Kur'an-ı Kerim ve Türkçe Meali Sayfa 135
60. Geceleyin sizi tümüyle alan (uyutan), gündüzün ne yaptıklarınızı bilen, sonra adı konulmuş ecel doluncaya kadar gündüz olduğunda sizi kaldırıp uyandıran O'dur. Sonra dönüşünüz O'nadır. Ardından yapmakta olduklarınızı size haber verecektir.
61. O, kulları üzerinde kesin egemendir. Size koruyucular gönderir. Artık birinize ölüm gelince, elçilerimiz onun canını alırlar ve onlar (görevlerinde) kusur etmezler.
62. Sonra gerçek mevlaları olan Allah'a döndürülürler. Haberiniz olsun, hüküm sadece O'nundur. O, hesap görenlerin en süratlisidir.
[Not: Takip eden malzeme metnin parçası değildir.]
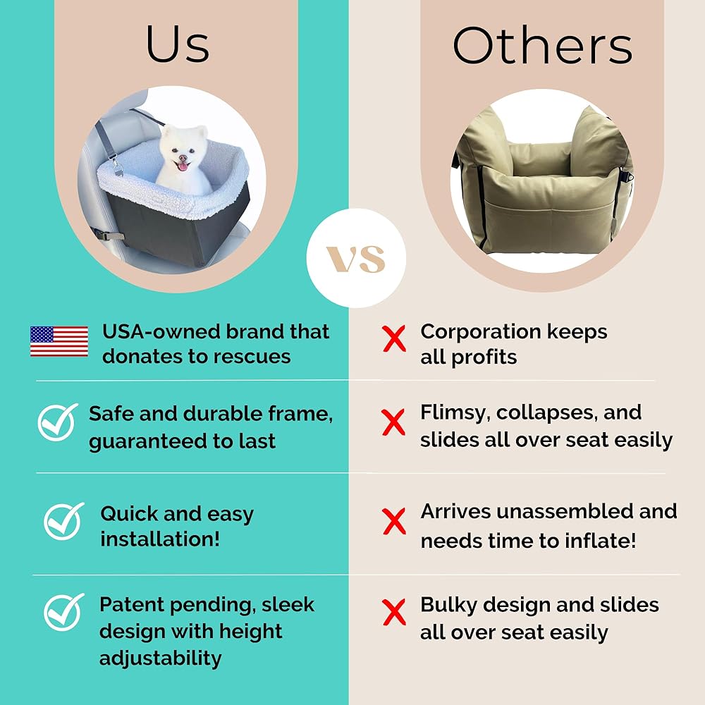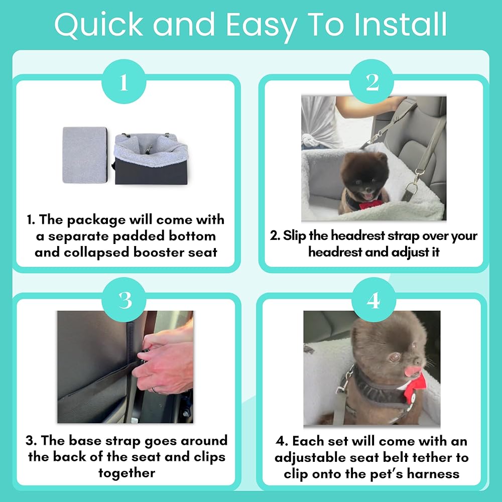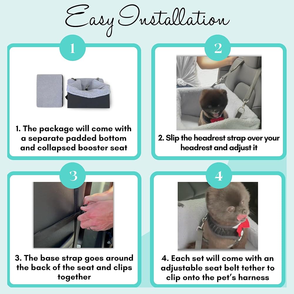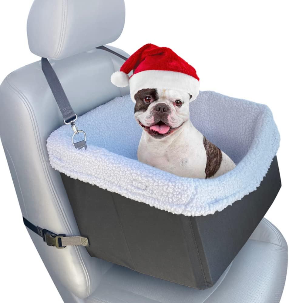مقعد سيارة متوسط ​​للكلاب الصغيرة إلى المتوسطة - مقعد معزز للكلاب باللون الرمادي - سرير حامل للسفر للحيوانات الأليفة قابل للغسل والتعديل - يشتمل على حزام أمان للكلاب والجراء والحيوانات الأليفة يصل وزنها إلى 30 رطلاً

63. De ki: “Kara ve denizin karanlıklarından (doğal afetlerden) sizi kim kurtarır?” (Oysaki) “Bundan bizi kurtarırsan şükredenlerden olacağız” diye O'na gizli gizli yalvarır yakarırsınız.”
64. De ki: “Allah sizi onlardan (doğal afetlerden) ve her türlü sıkıntıdan kurtarır, sonra yine O'na ortak koşarsınız.”
65. De ki: “Üstünüzden ve altınızdan size azap göndermeye ve de size fırkalara bölünmeyi elbise gibi giydirerek kiminizin şiddetini kiminize tattırmaya kadir olan O'dur.” Bak, anlasınlar diye ayetlerimizi nasıl açıklıyoruz!
66. Gerçekten senin kavmin hak olduğu halde onu (Kur'an'ı) yalanladı. “Ben sizin üzerinize vekil olmuş değilim” de.
67. Her haberin (vaadin) gerçekleşeceği bir zaman vardır ki siz onu yakında bileceksiniz.
68. Ayetlerimize dalıp alay edenleri görünce, başka söze geçinceye kadar onlardan yüz çevir. Şeytan sana unutturursa, hatırladıktan sonra artık zalimlerle beraber oturma.